After observing that either man — Heriberto or Paul — thus qualified as a presumed father, the juvenile court found the weightier interest favored Paul, who had been married to Jesusa's mother at the time Jesusa was conceived and born; who was still married to Jesusa's mother; who had held himself out as Jesusa's father, had received her into his home, and had treated her as his own; who was the father of Jesusa's five half siblings, all of whom still lived with him and also had developed a bond with Jesusa; and who had lived with Jesusa for a significant period in her young life. "In other words, there is so much more to being a father than merely planting the biological seed. The man who provides the stability, nurturance, family ties, permanence, is more important to a child than the man who has mere biological ties.... [¶] By finding [Paul] is the presumed father, this court is protecting and preserving a family unit, the integrity of a family unit."

The juvenile court then proceeded to adjudicate the dependency petition, again over counsel's objection that Heriberto was absent. Based on several DCFS reports, the arrest report, and the police follow-up report, the court sustained the dependency petition, maintained Jesusa in Paul's custody, permitted the mother to have unmonitored visits with her child and granted her reunification services, and ordered Heriberto to have no contact with the child.
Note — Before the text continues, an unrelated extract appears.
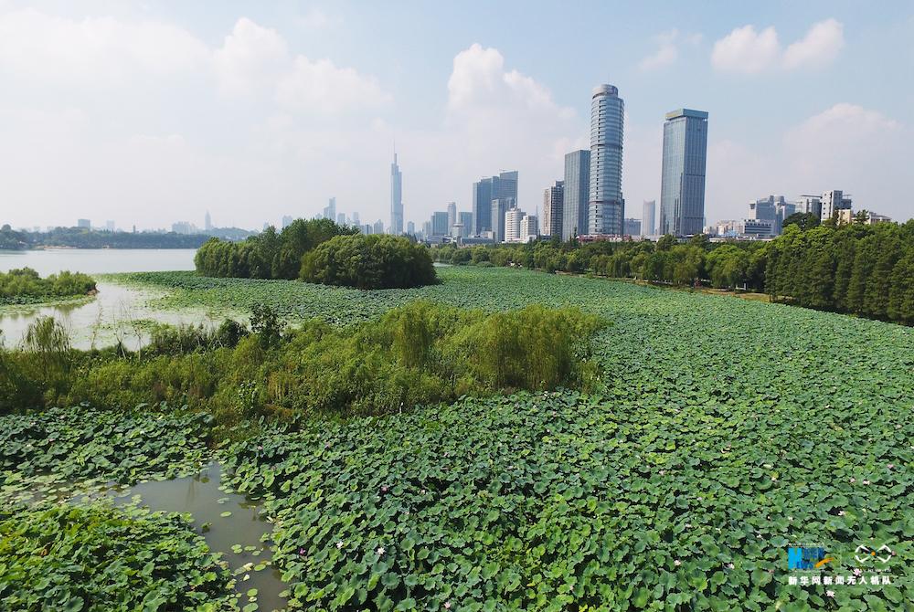 明洪武初年,玄武湖成为贮存全国人口、田亩档案(时称“黄册”)的“黄册库”所在,也禁止民众入内,时人无奈写诗说,“为贮版图人罕到,只余楼阁夕阳低”。玄武湖从此作为一代禁地,与外界隔绝了二百六十多年。1911年,玄武湖被辟为公园,后又开玄武门,筑翠虹堤以通湖上,玄武湖才成为南京著名的游览区。图为航拍湖中荷塘。新华网应康伟摄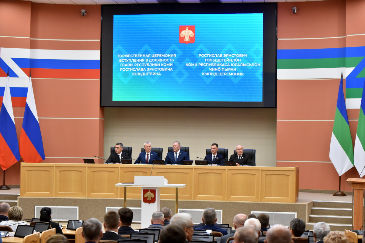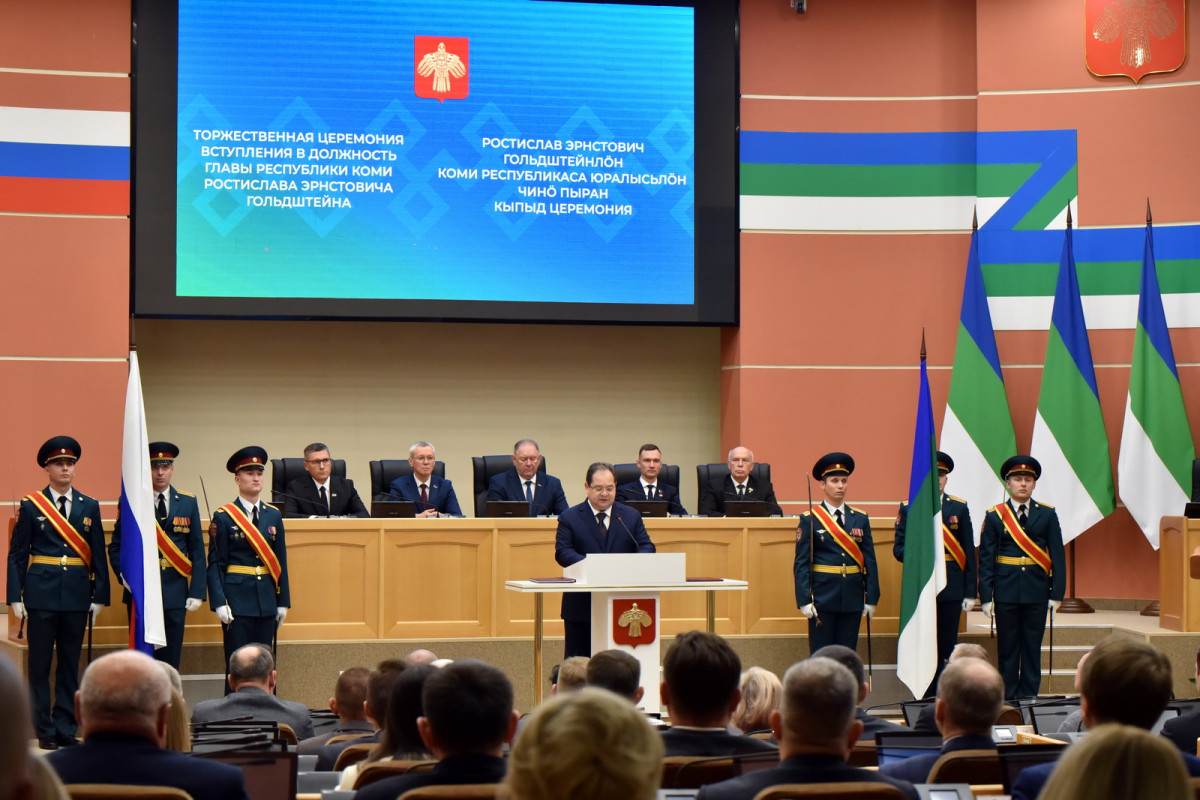 Торжественная церемония состоялась сегодня, 30 сентября, в Сыктывкаре. В соответствии с Конституцией Республики Коми, Ростислав Гольдштейн принёс торжественную присягу на коми и русском языках в присутствии депутатов Государственного Совета Республики Коми, судей Конституционного суда Республики Коми, заместителя полномочного представителя Президента РФ в СЗФО Олега Логунова и приглашённых.

Heriberto appealed. The Court of Appeal affirmed in part and reversed in part in a published opinion. The appellate court affirmed the order identifying Paul as Jesusa's presumed father but reversed the order sustaining the dependency petition, reasoning that the lower court had lacked jurisdiction under Penal Code section 2625, subdivision (d) to adjudicate the petition in Heriberto's absence. Because this construction of section 2625 created a conflict with two other published decisions, In re Rikki D. (1991) 227 Cal.App.3d 1624, 278 Cal.Rptr. 565 (Rikki D.) and In re Axsana S. (2000) 78 Cal.App.4th 262, 92 Cal.Rptr.2d 701 (Axsana S.), and presented other important issues concerning presumed fatherhood, we granted review.


Although Heriberto was represented by counsel at the presumed fatherhood hearing, he claims the trial court violated Penal Code section 2625 and due process by proceeding in his absence. The Court of Appeal, relying on the fact that Heriberto was represented at the hearing by counsel, correctly rejected this claim.